どうやら、彼には先ほどの封筒は見えてなかったらしい。
「ほら、これ。」
引き出しを開け、封筒を取り出し彼に見せる。
「何?それ。」
封筒には何も書かれていない。
触った感触も、紙が2,3枚入っているかいないか。
しっかりと糊付けされていた封を切るために、僕は父の机からペーパーナイフを拝借する。

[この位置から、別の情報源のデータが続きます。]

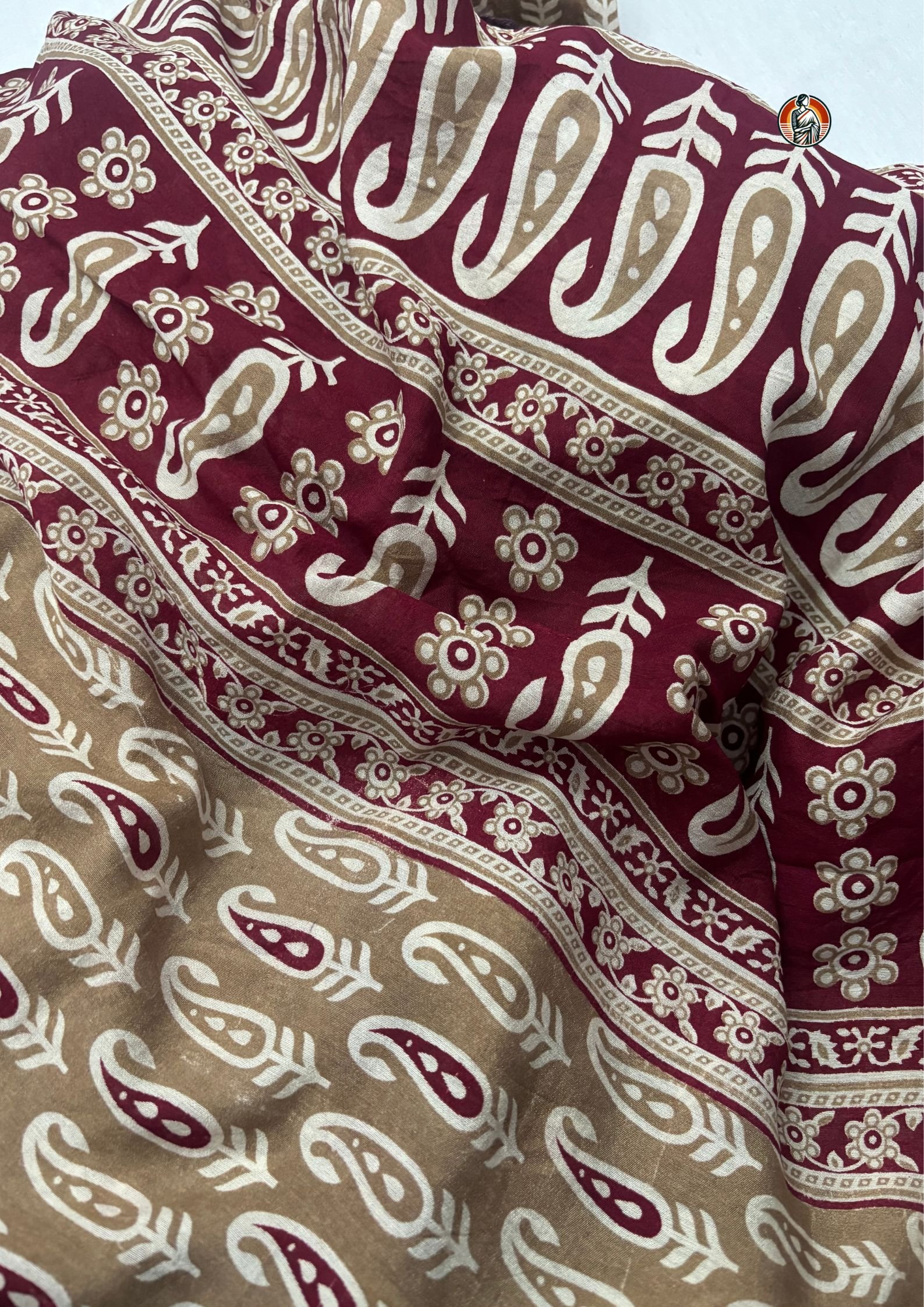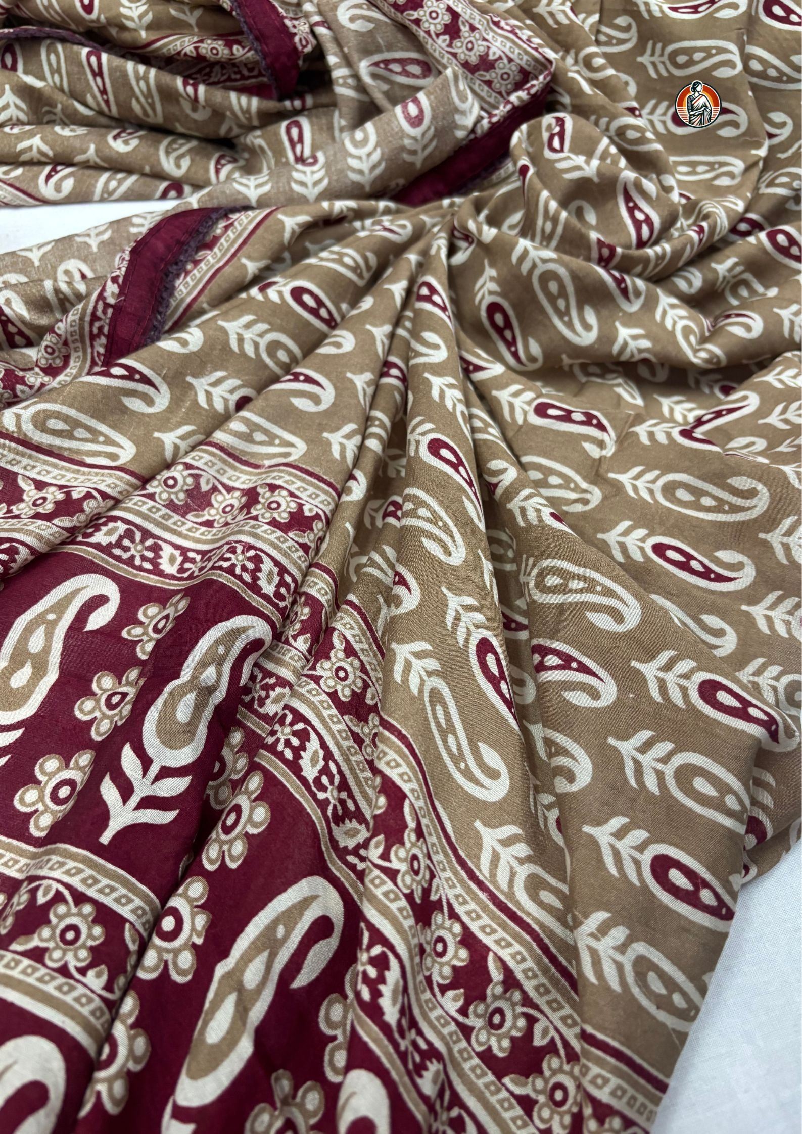 Beige & Maroon Mul Cotton Saree with Paisley Print, Traditional Border & Blouse (6.5 Meter)

まず最初に出てきたのは、何かをコピーした地図だった。
かなり拡大されており、一通り見てもどこの地図かは判断できない。
「どこだ?これ。」
「貸して。知ってる地名とか、ないのか?」
「ああ、町単位の地名しか・・・。」
永夜が地図を逆さにしたり、向きを変えて眺めているが、どうやっても知らない地名は知らない地名だ。
地図は諦め、封筒の中に残った紙を取り出す。
紙はホッチキスで留められた2枚組みだ。まずは、1枚目の頭に書かれた文字を目で追う。
「は?」
そこに書かれた文字を見つめ僕は首をかしげる。


「何?今度は何がでてきたん?」
永夜が覗き込み文字を読み上げる。
「えっと、かいろう?邸、権利書?あれ、これ」
「貝楼・・・蜃気楼の別称だろ?」
首を傾げつつ永夜が読み上げたが、興味はないようで、彼は再び地図に熱中している。
しかし、何かを見つけたらしく、地図を指差す。
「なあ?これじゃない?」
「何?」
彼の指先を見ると、確かに同じ文字が書かれている。
貝楼邸と。
二人してしばしその字を見つめた。
「・・・・どゆこと?」
永夜が疑問の声を上げ、地図から視線を剥がす。
そして僕は、思い当たったことを口にする。
「このカギって・・・?」
中途半端に言ったとこで、永夜も同じ事に気づく。
「あ、そうかも。」
僕は急いで2枚目へと紙をめくる。
そこには、書かれていたのは「貝楼邸」の住所やその他細かい事。
明日はちょうど休みだ。
「明日・・・」
「行ってみるか?」
永夜に先に言われ、少し悔しさを感じる。
「市内だ、すぐにいけるし。見に行った方が早くない?」
黙っていると、僕が悩んでいると思ったらしく永夜がもっともな事を言う。
「何、お前一緒に来るつもり?」
「え!?ダメなの?」
仕返しの一言に面白いぐらいの反応を示す永夜。
「冗談だ。一人で行ってもつまらないだろ。」
「よし、決まり。明日は朝からでかけよう。」
なんか、ピクニックに行くようなノリだな。彼の言葉を聞きそんな事を思う。
「弁当でも作っていくか?」
「は?何で?お前どこ行くつもりなの?」
つい声に出てしまった言葉が思わぬ相手に否定され、言葉が上手く出てこない。
「・・・・・・・。お前にそこまで言われるのは心外だ。」
「え?何で?何が?」
「もういい。」
永夜から地図を奪い取り、改めて見直してみる。